Übung am 22.10.2011

Am 22. Oktober 2011 besuchten 16 Atemschutz-Geräte-Träger unser Wehr die Brandübungsanlage der Wache 4 am Nürnberger Hafen.

In zwei Gruppen eingeteilt ging es los. Es wurden verschiedene Themen behandelt, die auf dem Lehrplan standen. Unter anderem der richtige Umgang mit dem Hohlstrahlrohr, welche Einstellung (Sprühwinkel) und Wassermenge bei verschiedenen Bränden anzuwenden sind. Die richtige Türöffnung mit der Feuerwehraxt im Zusammenhang mit der Bandschlinge wurde auch ausführlich besprochen.

Danach ging es in die Brandübungsanlage zur Hitze-Gewöhnung. Der Container wurde mittels Gasflamme auf ca. 280°C - 300°C an der Decke gemessen aufgeheizt. Auf Mannhöhe waren das immerhin noch ca 180°C – 200°C. Mit einem kurzen Sprühstrahl auf die Wärmequelle wurde so ein enormer Wasserdampf erzeugt, der wie ein Aufguss in der Sauna war, nur etwas heftiger!

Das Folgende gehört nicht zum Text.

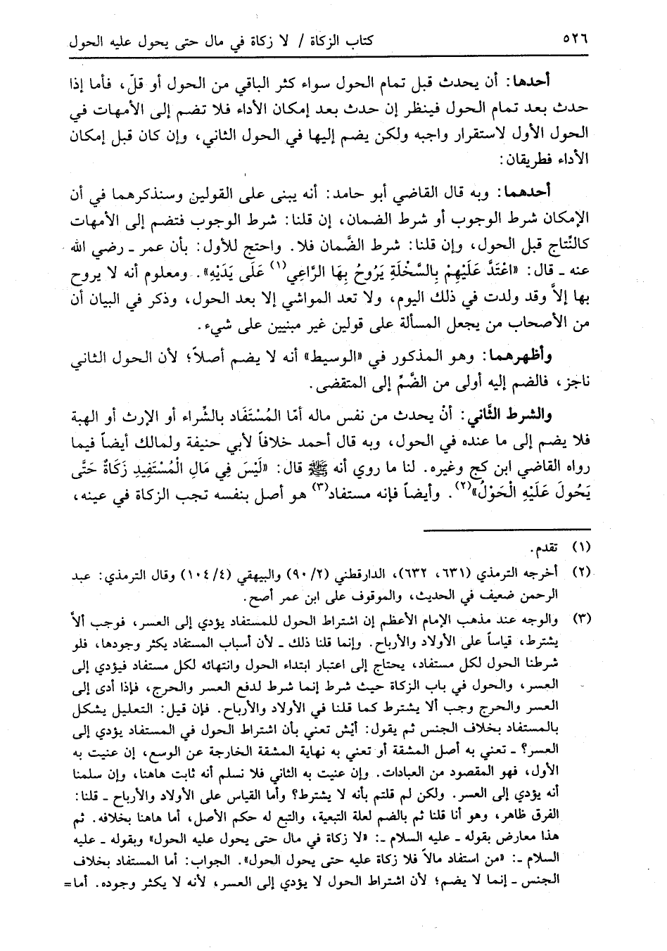 (¬3) والوجه عند مذهب الإمام الأعظم إن اشتراط الحول للمستفاد يؤدي إلى العسر، فوجب ألاَّ يشترط، قياساً على الأولاد والأرباح. وإنما قلنا ذلك -لأن أسباب المستفاد يكثر وجودها، فلو شرطنا الحول لكل مستفاد، يحتاج إلى اعتبار ابتداء الحول وانتهائه لكل مستفاد فيؤدي إلى العسر، والحول في باب الزكاة حيث شرط إنما شرط لدفع العسر والحرج، فإذا أدى إلى العسر والحرج وجب ألا يشترط كما قلنا في الأولاد والأرباح. فإن قيل: التعليل يشكل بالمستفاد بخلاف الجنس ثم يقول: أيْش تعني بأن اشتراط الحول في المستفاد يؤدي إلى العسر؟ - تعني به أصل المشقة أو تعني به نهاية المشقة الخارجة عن الوسع، إن عنيت به الأول، فهو المقصود من العبادات. وإن عنيت به الثاني فلا نسلم أنه ثابت هاهنا، وإن سلمنا أنه يؤدي إلى العسر. ولكن لم قلتم بأنه لا يشترط؟ وأما القياس على الأولاد والأرباح -قلنا: الفرق ظاهر، وهو أنا قلنا ثم بالضم لعلة التبعية، والتبع له حكم الأصل، أما هاهنا بخلافه. ثم هذا معارض بقوله -عليه السلام-: "لا زكاة في مال حق يحول عليه الحول" وبقوله -عليه السلام-: "من استفاد مالاً فلا زكاة عليه حق يحول الحول". الجواب: أما المستفاد بخلاف الجنس- إنما لا يضم؛ لأن اشتراط الحول لا يؤدي إلى العسر، لأنه لا يكثر وجوده. أما =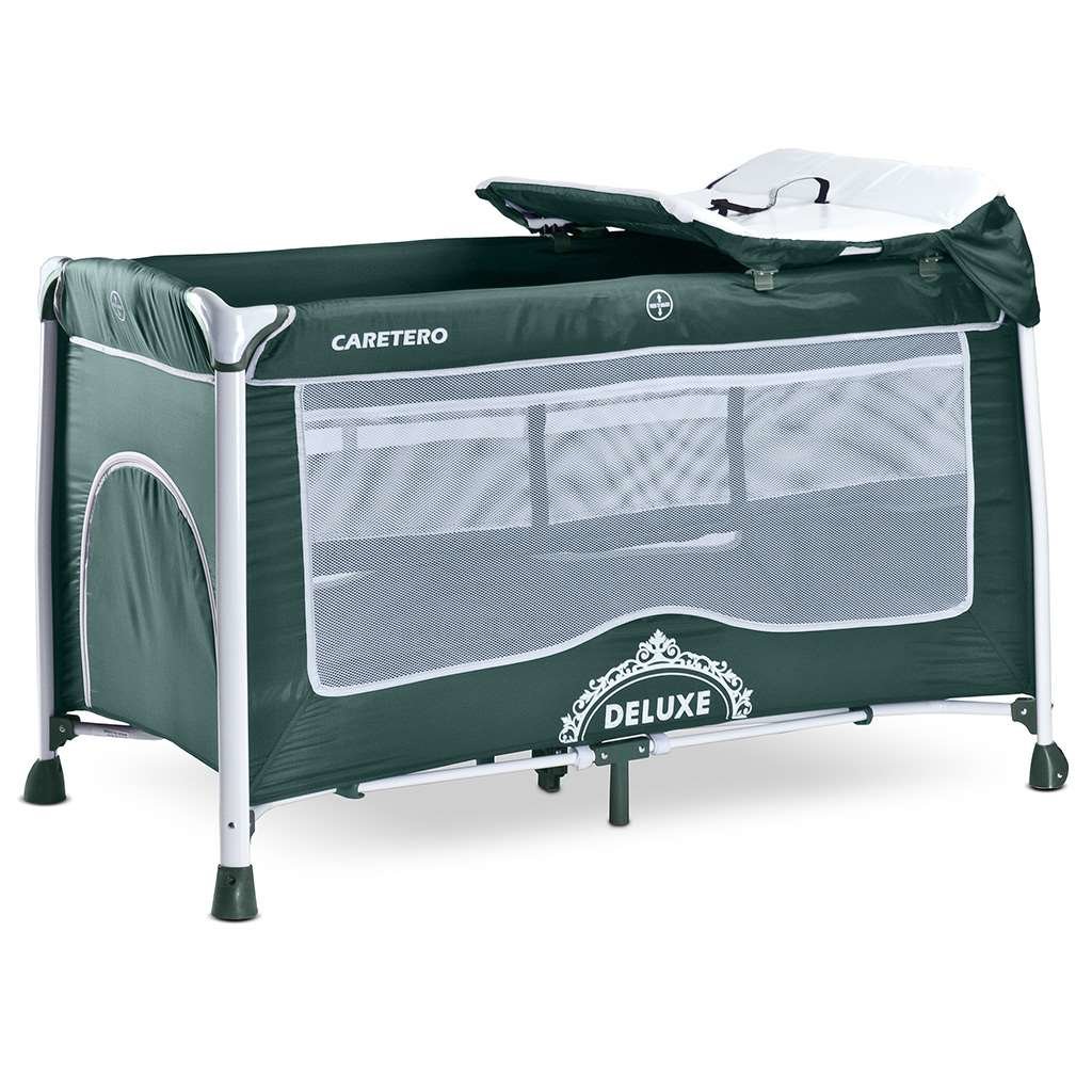 Cestovní postýlka CARETERO Deluxe je vyrobena z nejkvalitnějších materiálů. Má moderní vzhled a velmi zajímavé barvy. Je určena pro děti do 15 kg.Charakteristika:- systém Double Lock (znemožňuje samovolné složení)- síť proti hmyzu- dvě výšky podlahy (velmi praktické pro malé miminka)- velmi měkká matrace- boční dvířka na zip- přebalovací pult z PVC- diskrétně ukryté kolečka na zadních nohách, pro snadnou manipulaci- taška v barvě postýlky- praktická taška na drobnosti umístěna na boku postýlky- barevný potisk na obou stranách postýlky- postýlka je stabilní, díky pevným nohám- postýlka je v souladu s evropskou normou N716Rozměry: cca 136x64x76 cmRozměry matrace: cca 120x60 cmRozměry ve složeném stavu: cca 82x22x23 cmVáha: 11,3 kgVýška matrace: cca 1 cm

Als nächstes stand der Flash-Over auf dem Programm. Den galt es mit der richtig Einstellung am Hohlstrahlrohr durch kühlen in Zaum zu halten oder zu löschen.

Mit Atemschutzausrüstung ging es dann in den Container. Mit der geeigneter Türöffnungstechnik und der richtigen Einstellung des Hohlstrahlrohres wurde in den komplett verrauchten Raum vorgedrungen. Es galt den den Brandherd zu finden und ihn richtig abzulöschen. Ausserdem mussten unterwegs verschiedene wichtige Merkmale wie Hindernisse (Türen, Treppen) oder Gefahrgut (Gasflaschen) usw. dem Gruppenführer bzw Einsatzleiter gemeldet werden, da dieser nicht sehen kann, was im innen des Gebäudes geschieht.

Die Nachmittagsgruppe konnte sich nach der Ausbildung noch die Atemschutzwerkstatt mit der dazugehörigen Übungstrecke anschauen.

Unser Dank geht an Thorsten und an die zwei Sebastians der Wache 4, die die Ausbildung super gemacht haben. Danke auch an alle Beteiligten.

Text: Gerd B.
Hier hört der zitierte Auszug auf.